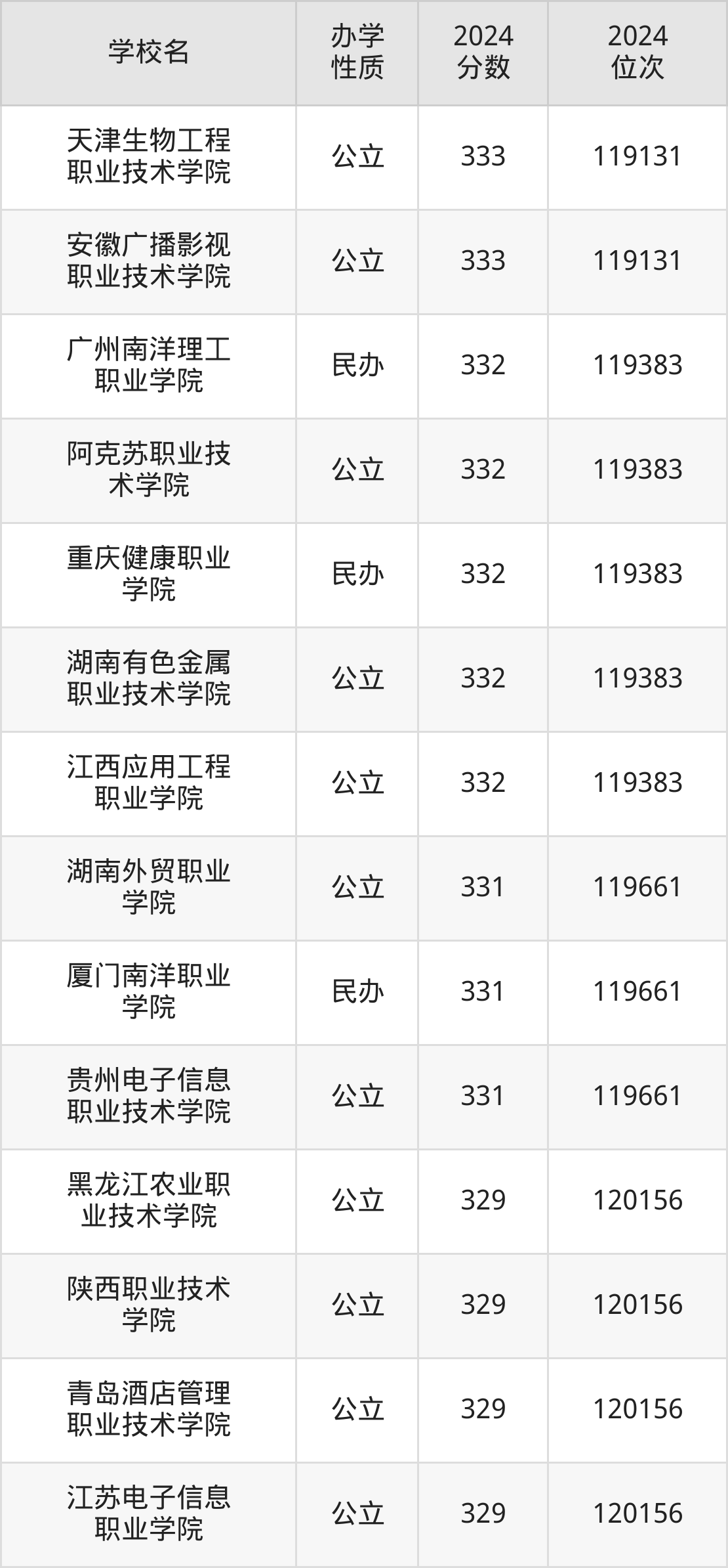 | 安徽粮食工程 职业学院 | 330 | 152356 |
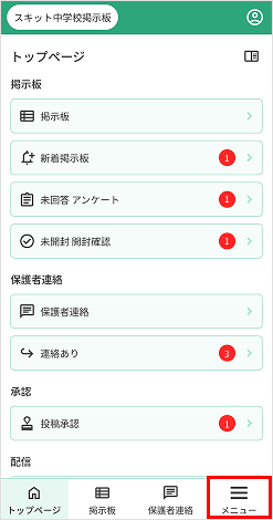 保護者連絡のページを開くには、3つの方法があります。
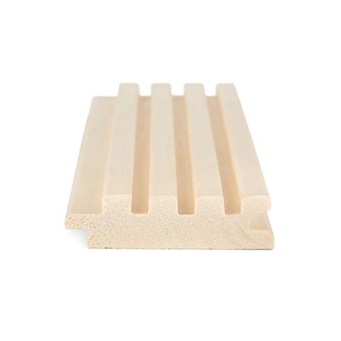 PROSAUNAS Aspen Groove-S 1x3 Wall Cladding brings personality and is recommended for sauna walls and ceilings. Its dramatic, precision-milled fluted slats add an upscale appearance. Aspen is an excellent choice when creating an upscale, contemporary looking sauna.
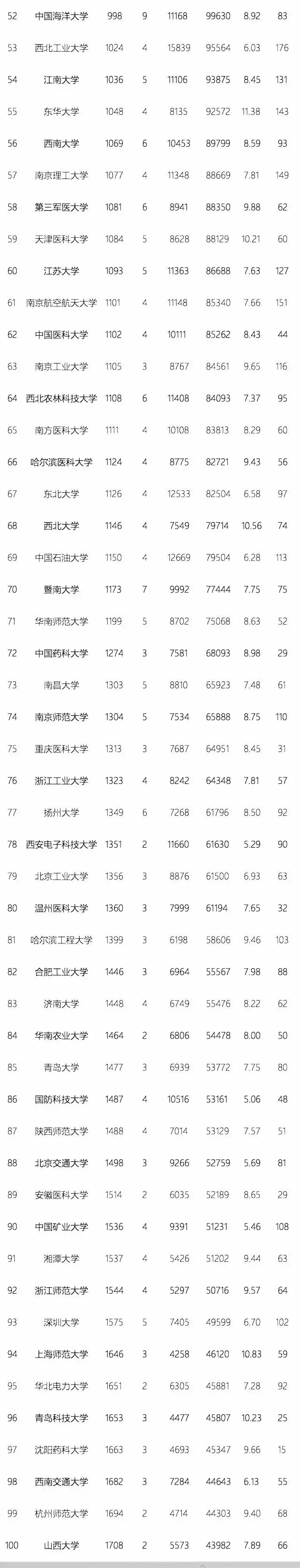 2017年11月的各校ESI综合排名情况如下(按照各高校论文总引用次数进行排名;中国地质大学、中国石油大学和中国矿业大学三所高校并没有区分两地办学的情况):
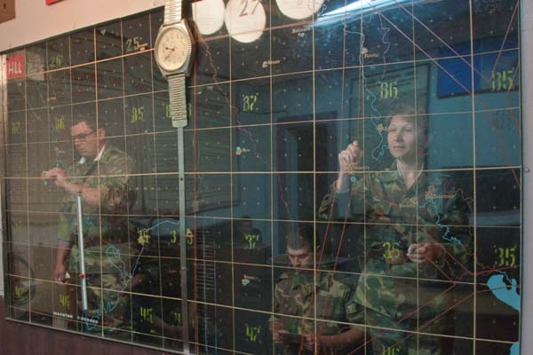 И, действительно, планшетист пишет в зеркальном отражении и справа налево. Это делается для того, чтобы оперативный дежурный, находясь по другую сторону стеклянного экрана, мог считывать данные с планшета обстановки и использовать их в своей работе.
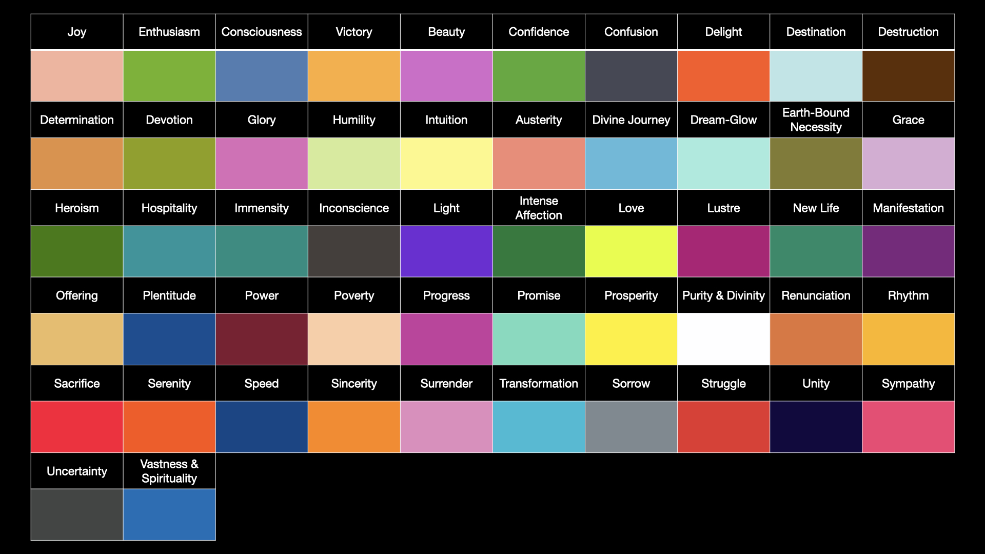 Here are all 52 colors and their spiritual qualities and described by Sri Chinmoy.

§ **Work instructions**: What is needed is an exact repeat of only the lines from the one containing "И, действительно, планшетист" through the last line of the listing above, both ends included, without the pictures.

§ **Result of the task**:
 И, действительно, планшетист пишет в зеркальном отражении и справа налево. Это делается для того, чтобы оперативный дежурный, находясь по другую сторону стеклянного экрана, мог считывать данные с планшета обстановки и использовать их в своей работе.
 Here are all 52 colors and their spiritual qualities and described by Sri Chinmoy.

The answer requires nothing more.